How Bluetooth Mesh works
An important component of the Bluetooth protocol is its Generic Access Profile, or GAP, which controls how Bluetooth devices scan, broadcast, and connect to their peers. Until Bluetooth Mesh, GAP had a typical parent-child network relationship, where the parent did all the routing, and the child performed its allotted task. That’s what happens when you connect a Bluetooth keyboard to your tablet, for example.
Bluetooth mesh will work hand-in-hand with Wi-Fi, with the latter continuing to serve high-bandwidth needs.
Starting with Bluetooth 4.1, GAP broadened its networking abilities. Bluetooth devices gained the ability to play the roles of both parent and child, giving all devices the ability to connect and broadcast to any peer directly. This worked with all devices in their transmission range, as well as devices out of range. The ability to connect directly or indirectly with any number of mesh-capable devices allows for the construction of elaborate mesh networks consisting of many devices over several miles. If every device in the network is within broadcast range of at least one other device, the mesh network can cover potentially unlimited distances.

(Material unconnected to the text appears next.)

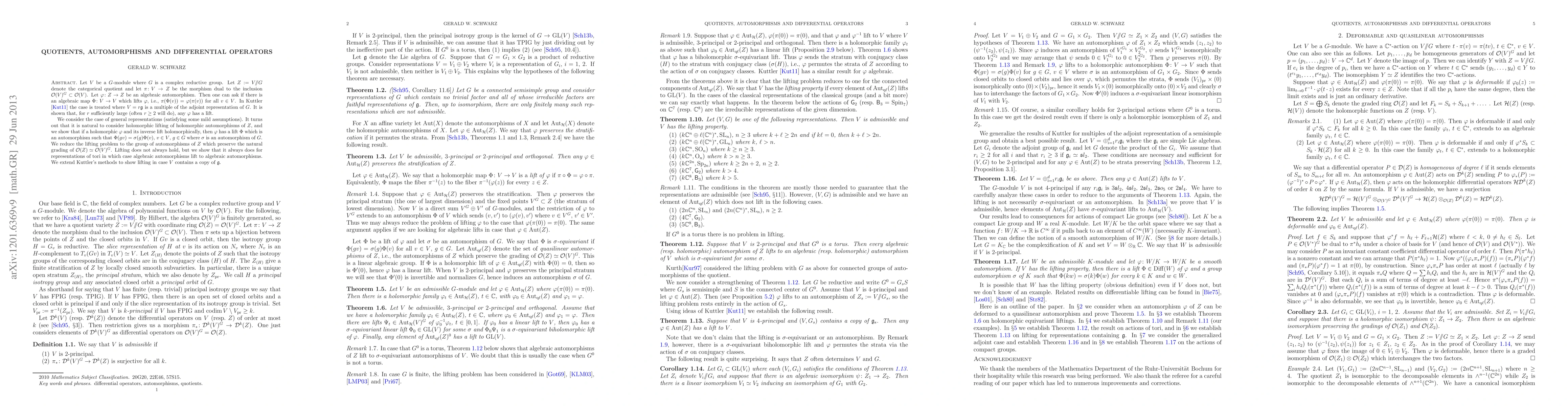 Let $V$ be a $G$-module where $G$ is a complex reductive group. Let $Z:=\quot VG$ denote the categorical quotient and let $\pi\colon V\to Z$ be the morphism dual to the inclusion $\O(V)^G\subset\O(V)$. Let $\phi\colon Z\to Z$ be an algebraic automorphism. Then one can ask if there is an algebraic map $\Phi\colon V\to V$ which lifts $\phi$, i.e., $\pi(\Phi(v))=\phi(\pi(v))$ for all $v\in V$. In \cite{Kuttler} the case is treated where $V=r\lieg$ is a multiple of the adjoint representation of $G$. It is shown that, for $r$ sufficiently large (often $r\geq 2$ will do), any $\phi$ has a lift. We consider the case of general representations (satisfying some mild assumptions). It turns out that it is natural to consider holomorphic lifting of holomorphic automorphisms of $Z$, and we show that if a holomorphic $\phi$ and its inverse lift holomorphically, then $\phi$ has a lift $\Phi$ which is an automorphism such that $\Phi(gv)=\sigma(g)\Phi(v)$, $v\in V$, $g\in G$ where $\sigma$ is an automorphism of $G$. We reduce the lifting problem to the group of automorphisms of $Z$ which preserve the natural grading of $\O(Z)\simeq\O(V)^G$. Lifting does not always hold, but we show that it always does for representations of tori in which case algebraic automorphisms lift to algebraic automorphisms. We extend Kuttler's methods to show lifting in case $V$ contains a copy of $\lieg$.

The lower power requirements and small size of individual Bluetooth devices in the mesh makes it possible to tuck them away in other devices. For example, they could piggyback on lighting systems.
“Within the building automation market, there is a growing focus on connected lighting and the role it can play as a platform for providing automation services throughout a facility,” said Szymon Slupik, President and CTO of Silvair, a company that builds Bluetooth Mesh lighting components (including mesh lightbulbs). “A smart lighting platform built on top of Bluetooth mesh networking can also support asset tracking, point of interest, and way-finding services.”

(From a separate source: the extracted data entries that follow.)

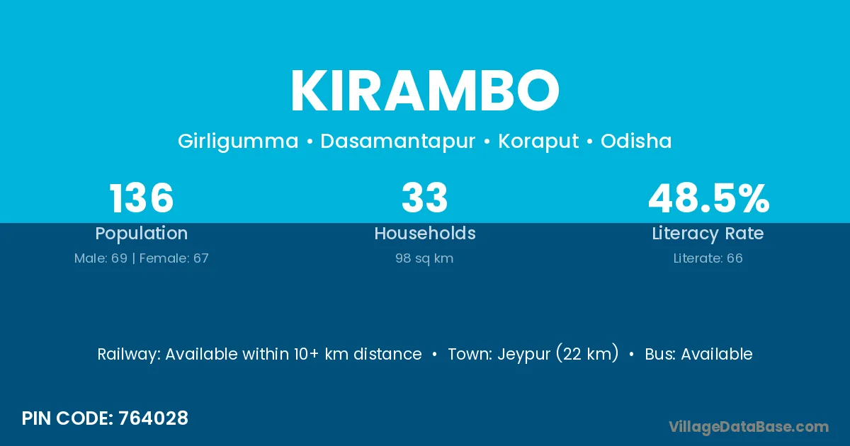 Jeypur (22 km) is the nearest town to Kirambo village for major economic activities and is located approximately 22 km away.
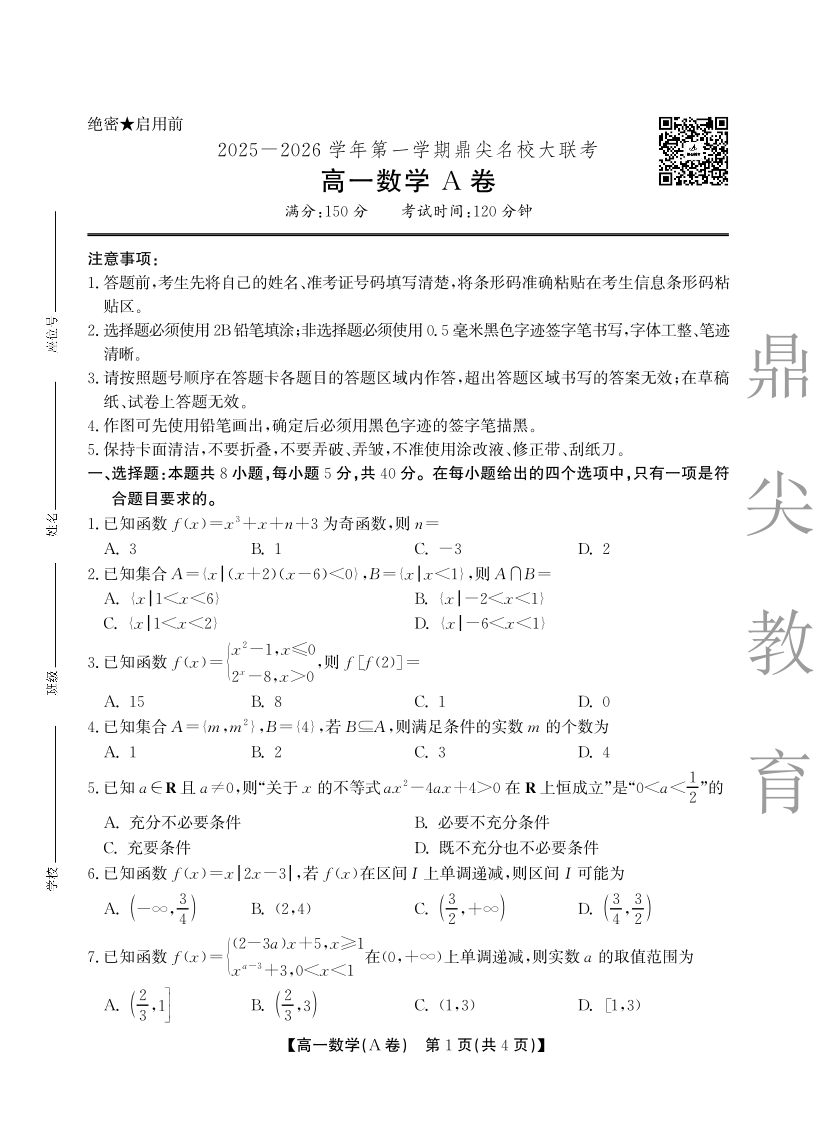 【数学A卷】安徽省鼎尖名校大联考2025-2026学年上学期高一11月期中考试.pdf
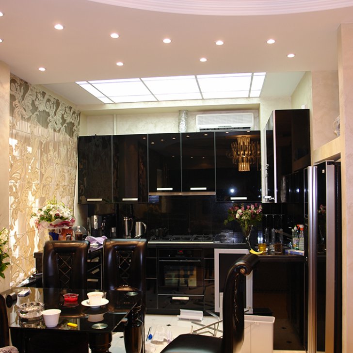 Основным источником освещения на кухне является светящийся потолок. Для этого на потолок с определёнными промежутками была установлена светодиодная лента, которая затем скрылась светопропускающим оргстеклом.

Bluetooth Mesh networks are not only low-power, but they’re also low-bandwidth. That might sound like a problem, but it’s not. A Bluetooth Mesh network is aimed to move data that maintains connectivity or sends commands. Sending a “turn off” or “turn on” command doesn’t require much bandwidth. That’s why Mesh isn’t being pitched as a full Wi-Fi replacement. It’s similar from a distance, but on close inspection, it fits a different niche.

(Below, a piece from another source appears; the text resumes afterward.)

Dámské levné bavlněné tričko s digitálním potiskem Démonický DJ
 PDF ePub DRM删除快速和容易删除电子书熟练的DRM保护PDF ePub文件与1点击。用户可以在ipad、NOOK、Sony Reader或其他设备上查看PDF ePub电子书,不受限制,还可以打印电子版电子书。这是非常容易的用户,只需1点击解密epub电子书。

When it comes to home-mesh networking, though, Bluetooth is not the only game in town, and for some applications there are probably better fits. Linksys, for example, has released its own mesh networking products for high-speed data transfers based on Wi-Fi. Why?
According to Justin Doucette, Senior Director of Product Management at Linksys, “If you are paying for 100 Mbps from your Internet service provider, then you want to get all that speed in every corner of your house.” This means Mesh will work hand-in-hand with Wi-Fi, with the latter continuing to serve high-bandwidth needs.
A world with or without Mesh networks
Often, protocols and their subsequent solutions have a potential to change the world, or at least parts of it. And while there’s no way to predict that Bluetooth Mesh will have as big an influence as we suspect, it seems that this new protocol has far-reaching potential.
Bluetooth is already a vastly deployed, trusted protocol, with a lot of goodwill behind it. If all goes well, and it works as it is said to, we’re in for a drastic change in network technology, and what it can do.